Thursday, 19 September 2019

The Bernie Plan

This morning, I picked up the Bernie Sanders plan on housing.

The basic idea?  $2.5 trillion would be spent along two paths.  One path would be around $400 billion....which would involve two-million mixed-income social housing units.  He doesn't say the time period, but it's probably over ten years.

The second path?  $1.5-trillion (yes, with a T), over ten years, to build 7.4 million houses that he says in some way....will eliminate the gap in affordable housing for low-income folks.

So then he said the magic words....that Americans ought to have the fundamental right to "safe, decent, accessible, and affordable homes".

How this would be paid?  A new tax.....called the 'wealth tax'.  After looking at it....it'd likely only affect billionaires in the US....aiming at the top one-tenth of one-percent of folks. 

The problems with this idea?  I admit....it is a noble idea, and would appeal to low-wage people in a big way.  But lets be honest to ourselves in analyzing this.

First, this fundamental right for housing doesn't exist.  If you deem that it does exist, then why doesn't a fundamental right for affordable, safe, and nice cars exist?  Or how about a fundamental right to cheap and well-packaged cable TV?  Or how about a fundamental right for reasonably priced groceries?  Some druggies would say that meth ought to be a fundamental right, and it should be priced cheaper. 

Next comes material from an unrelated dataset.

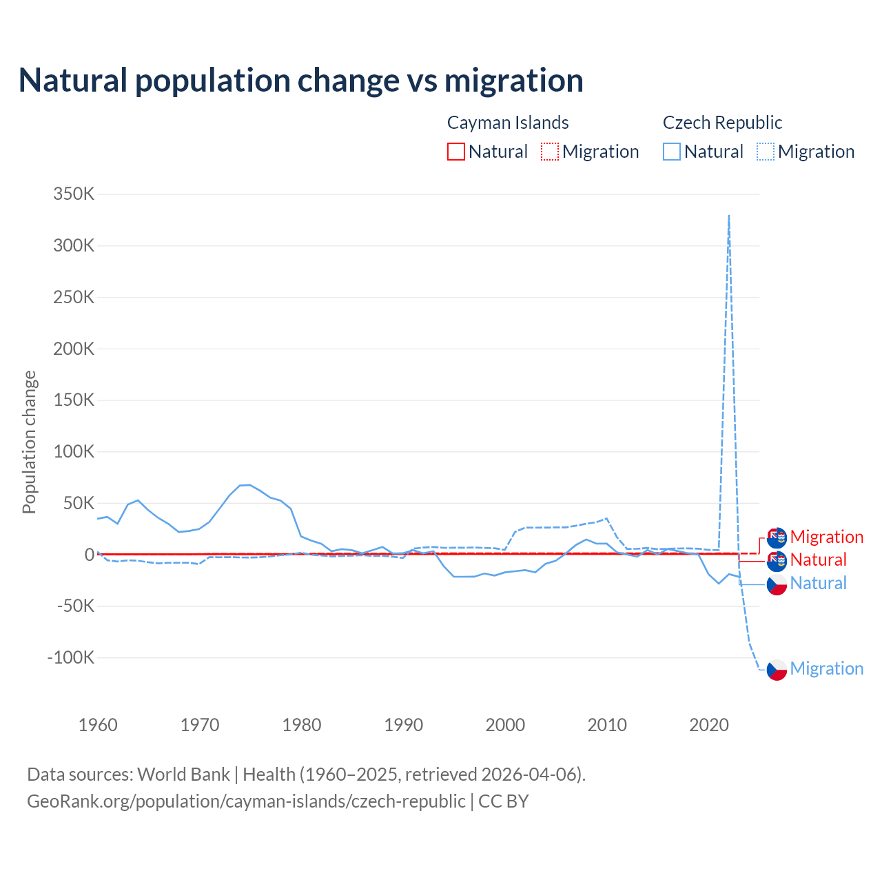 Over the last 10 years, 31.1% of the population change in the Cayman Islands is from natural causes (a gain of 4,468 people) and 68.9% is from migration (a gain of 9,879 people). In the Czech Republic 17.3% is from natural causes (a loss of 74,826 people) and 82.7% is from migration (a gain of 357,502 people).

Second, state by state, the landscape differs on low-wage people and their housing issues.  If you live in a highly urbanized area like Dallas or Portland, it's likely that you'd have these 'Bernie-units' built.  If you lived in Pulaski, Tennessee?  You probably don't have a need for the units.  So this would be a urban plan for the most part, and miss around 70-percent of the rest of the nation.

Third, if you built all of these, and within five years....then you had drug or crime elements in these Bernie-neighborhoods, so they were unsafe.....would you dump them and go build more elsewhere?  It's not really explained how you would make them 'safe'. 

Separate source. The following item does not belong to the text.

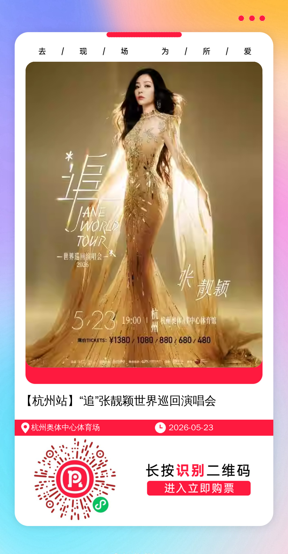 微信扫一扫打赏权益1:门票开售前单独提醒,不错过抢票时间,可咨询任何歌手近期演唱会。

Fourth, would some cities put up a fight and demand certain characteristics of the Bernie-housing, inflating the price by 30-to-50 percent?  This might be a federal program pushed 'downward', but one could see states and counties making rules which push the unit price upward in the end.

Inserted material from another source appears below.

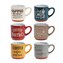 Sada 6 kameninových hrnků s různými kávovými motivy.
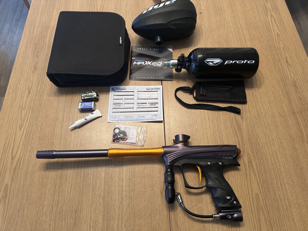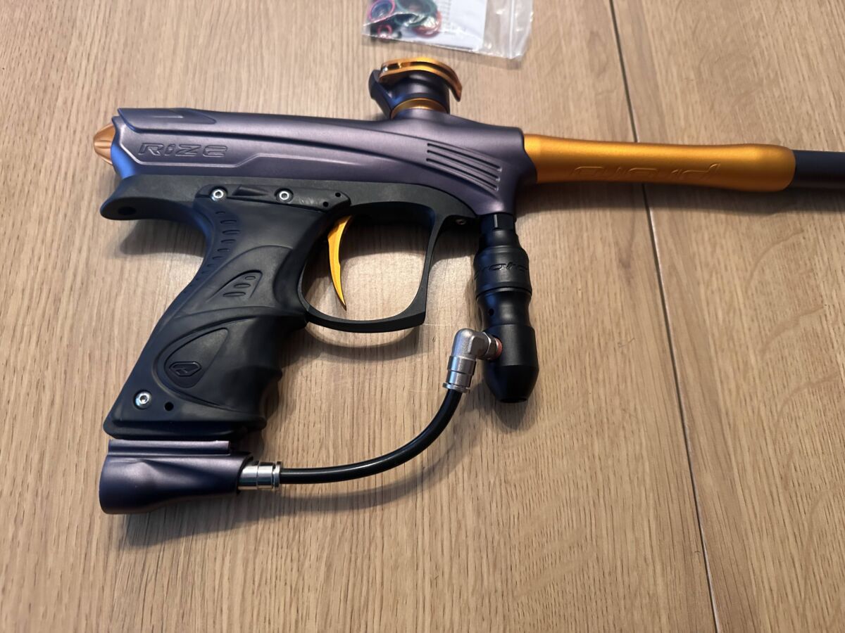 Zum Verkauf steht ein hochwertiger Paintball-Markierer im absoluten Top-Zustand. Dye Proto Rize MaXXed – Black Orange

Fifth, on this wealth tax.....what if Congress 'accidentally' created little ripple-credits which brought some billionaires chances to save $20 million here and there, and suddenly it wasn't the ultra-wealthy paying for this, but the secondary group which weren't originally affected?  How would they react, and would they go to Congress and arrange tax rules to be altered for them as well?  It's been done in the past.....so there's no reason to think it wouldn't be done now.

Sixth....why the round number cited by Bernie in the speech of $2.5 trillion total?  It would be curious how he arrived at the numbers, and if it relates to something. 

Seventh and final....if you lived in Omaha, Nebraska and word came out that forty acres next to your house was going to be a Bernie-neighborhood.....would your attitude be positive or negative?  Would you assume it was a potential slum-neighborhood? 

I could see something like this working on a much smaller scale, and relating more to tax credits for low-income earners.  It does bother me that some people are designing their lives that at age eighteen....they are flipping burgers and making minimum wage.....while at age thirty, they are still in the burger flipping business, and around age forty-eight, they are still flipping burgers.  This attitude now is something that didn't exist in the 1960s and 1970s.....that you could be minimum wage for your entire life, and never progress beyond that point. 

Maybe Bernie ought to be packaging up one year of free community college, and jump-start people to improve their lives and avoid the low-income route for the bulk of their lives.